From NACE Division 72: Computer and related activities
  72.1: 	Hardware consultancy
  72.2: 	Software consultancy and supply
  72.3: 	Data processing
  72.4: 	Database activities
  72.5: 	Maintenance and repair of office, accounting and computing machinery
  72.6: 	Other computer related activities
From NACE Division 73: Research and experimental development
  73.1: 	Research and experimental development on natural sciences and engineering
  73.2: 	Research and experimental development on social sciences and humanities
From NACE Division 74: Other business activities
  74.11: 	Legal activities
  74.12: 	Accounting, book-keeping and auditing activities; tax consultancy
  74.13: 	Market research and public opinion polling
  74.14: 	Business and management consultancy activities
  74.15: 	Management activities of holding companies
  74.20: 	Architectural and engineering activities and related technical consultancy
  74.3: 	Technical testing and analysis
  74.4: 	Advertising
  74.5: 	Labour recruitment and provision of personnel
  74.8: 	Miscellaneous business activities n.e.c.
  74.81: 	Photographic activities
  74.84: 	Other business activities n.e.c.

In the revision of NACE (rev. 2) there is some more clarity - most KIBS are located in section M (Professional, Scientific and Technical Activities), which is differentiated from more routine section N (Administrative and Support Service Activities). However, computer and related activities are in section J (Information and Communication Activities). The System in use in Canada and the USA, NAICS, does group these services together with the other KIBS.

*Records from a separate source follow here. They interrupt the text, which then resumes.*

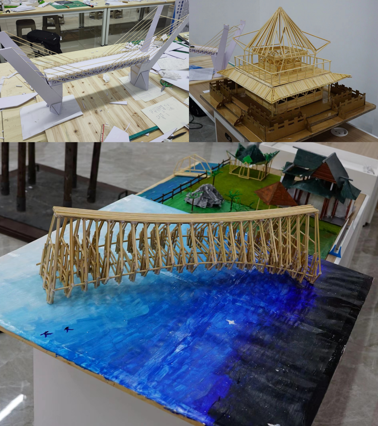 在两校区的模型展示组中,同学们精心准备的作品,也让参与大家眼前焕然一新。答辩过程中更是精彩连连,不仅涉及力学、结构设计方面,也有绿色创新的设计理念。经过精彩的答辩,评委和同学们的共同评分,展示组的作品也决出不同级别的奖项。以下是部分展示组优秀作品。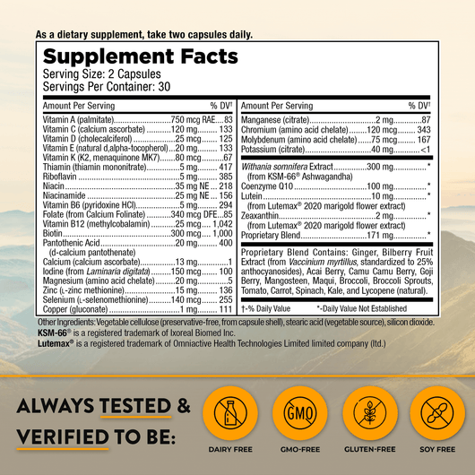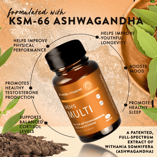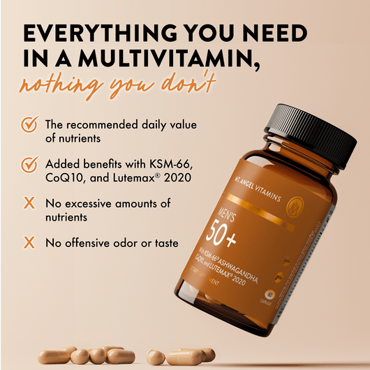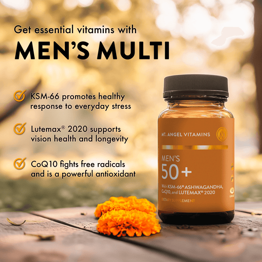 Mt. Angel Vitamins Men's 50+ Multivitamin is a once daily formula designed specifically for men over 50 who want reliable support for heart health, brain function, eye health, energy, and overall longevity. It combines highly bioavailable vitamins A, B, C, D, E and K2 with KSM 66® ashwagandha, CoQ10, Lutemax® 2020, and a concentrated fruit and vegetable blend to support healthy aging from multiple angles.
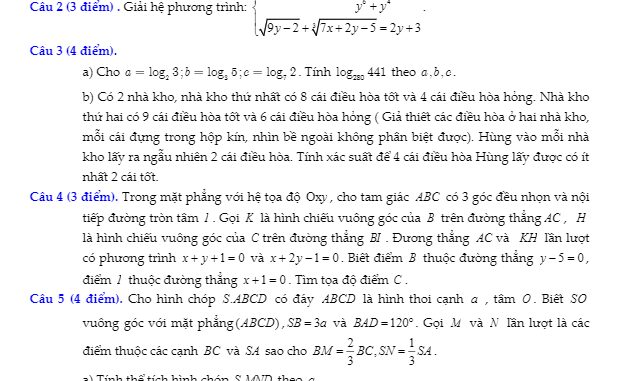 + Trong mặt phẳng với hệ tọa độ Oxy, cho tam giác ABC có 3 góc đều nhọn và nội tiếp trong đường tròn tâm I. Gọi K là hình chiếu vuông góc của B trên đường thẳng AC, H là hình chiếu vuông góc của C trên đường thẳng BI. Đường thẳng AC và KH lần lượt có phương trình là x + y + 1 = 0 và x + 2y – 1 = 0. Biết điểm B thuộc đường thẳng y – 5 = 0, điểm I thuộc đường thẳng x + 1 = 0. Tìm tọa độ điểm C.

These categories cover firms and organisations that specialise in producing these services. But other sectors may supply knowledge-intensive business services together with their main products; and such services are of course routinely produced by firms for their own use - almost all firms will have some internal office, computer, marketing activities, for instance. KIBS firms are simply specialists in these service activities, which these are their main products.

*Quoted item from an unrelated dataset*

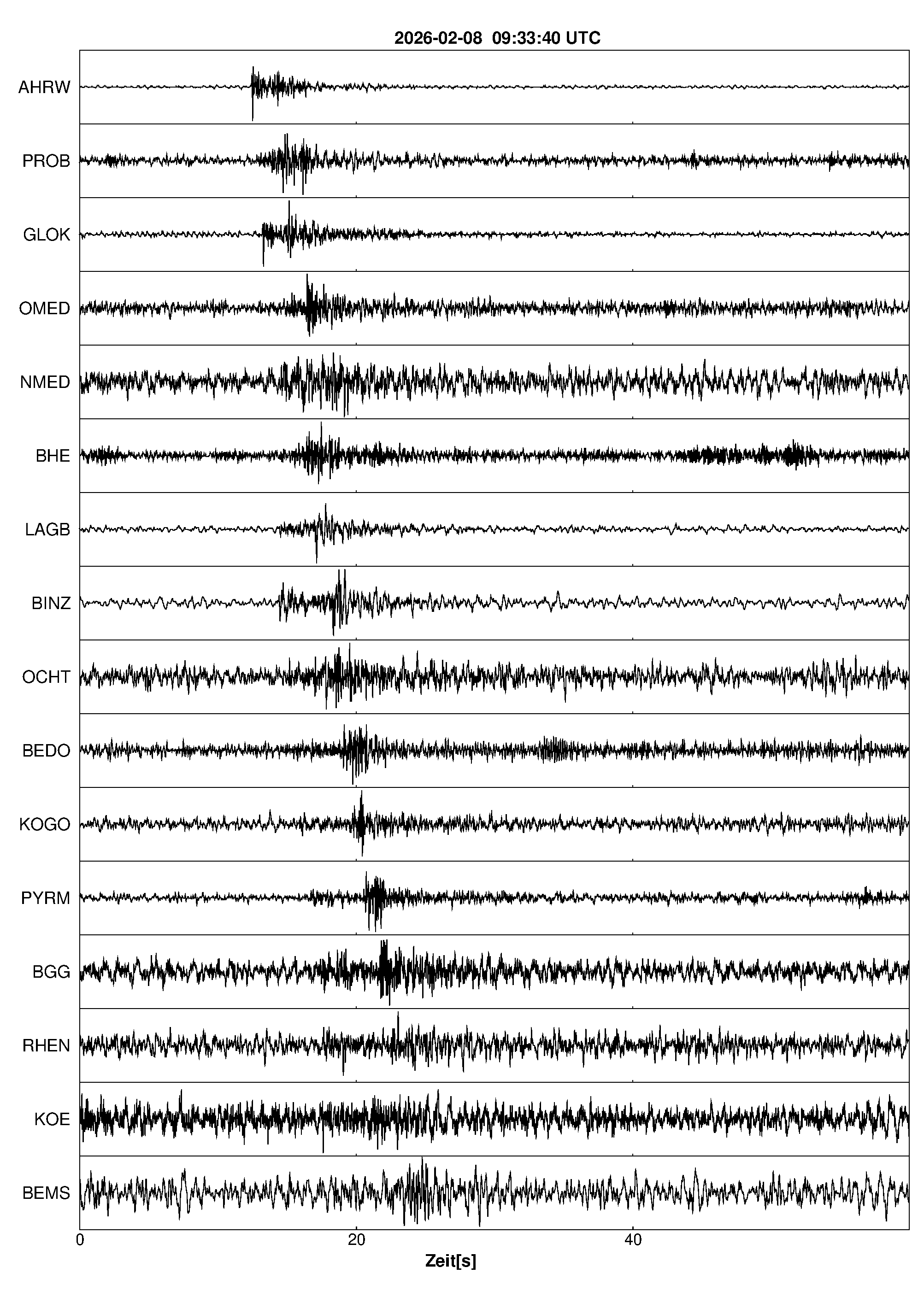 Pfadnavigation Startseite Geologischer Dienst Erdbeben Aktuelle Erdbeben Erdbeben bei Sinzig, Lkrs. Ahrweiler, RP Teilen Erdbeben bei Sinzig, Lkrs. Ahrweiler, RP Erdbeben bei: Sinzig, Lkrs. Ahrweiler, RP Datum/Uhrzeit: am 08.02.2026 um 10:33 Uhr Ortszeit (MEZ) Stärke: 0,5 (Magnitude auf der Richter-Skala) Epizentrum: 50,56° N ㅤ 7,22° E Herdtiefe: ca. 5 km unter der Erdoberfläche Bemerkung: sehr schwaches Erdbeben Seismogramme ausgewählter Erdbebenmessstationen: Erläuterungen: Datum/Uhrzeit:Datum und Zeit des Erdbebens in Ortszeit, also MEZ oder MESZ; Epizentrum:Punkt an der Erdoberfläche über dem Hypozentrum (Lage des Erdbebenherdes in der Tiefe); Magnitude:Erdbebenstärke auf der Richterskala (Lokalmagnitude ML); Herdtiefe:Tiefe des Erdbebens (Hypozentrums) in Kilometern unter NN. Seismogramme:Details zu den Erdbebenmessstationen finden sich im Kartenviewer des LGRB (Baden-Württemberg) und im Kartenviewer des LGB (Rheinland-Pfalz).

Some KIBS specialists may be lurking in many of these—are either knowledge-intensive services such as health, education, telecommunications, finance, or business-related services such as administration and security. But in general, the following sectors are not regarded as KIBS: Health/medical services, Postal services and Transport and Distribution (some specialised logistics services may be seen as KIBS), Consumer Financial and Real Estate services, Education services (other than specialised training for industry), Broadcast and other mass media (again with possible exceptions, such as when these media are also used for specialised delivery of business services as in data broadcast or encoded business video transmissions), public administration (again with some possible exceptions in industry support schemes), Repair/maintenance (with the exception of IT-related activities), retail and wholesale, Social welfare services, Hospitality, Catering, Leisure/tourism, Personal consumer services, Entertainment. Some consultancy and other specialist support KIBS-type activity often serves such industries.

The Knowledge Intensive Business Services (KIBS) are among the key topics of research in the sphere of innovation studies. As shown by the data collected during Community Innovation Surveys (CIS) recorded through such sources as CORDIS, KIBS are among the most innovative parts of the service industry Additionally, the services allow for the diffusion of innovations throughout their customer networks.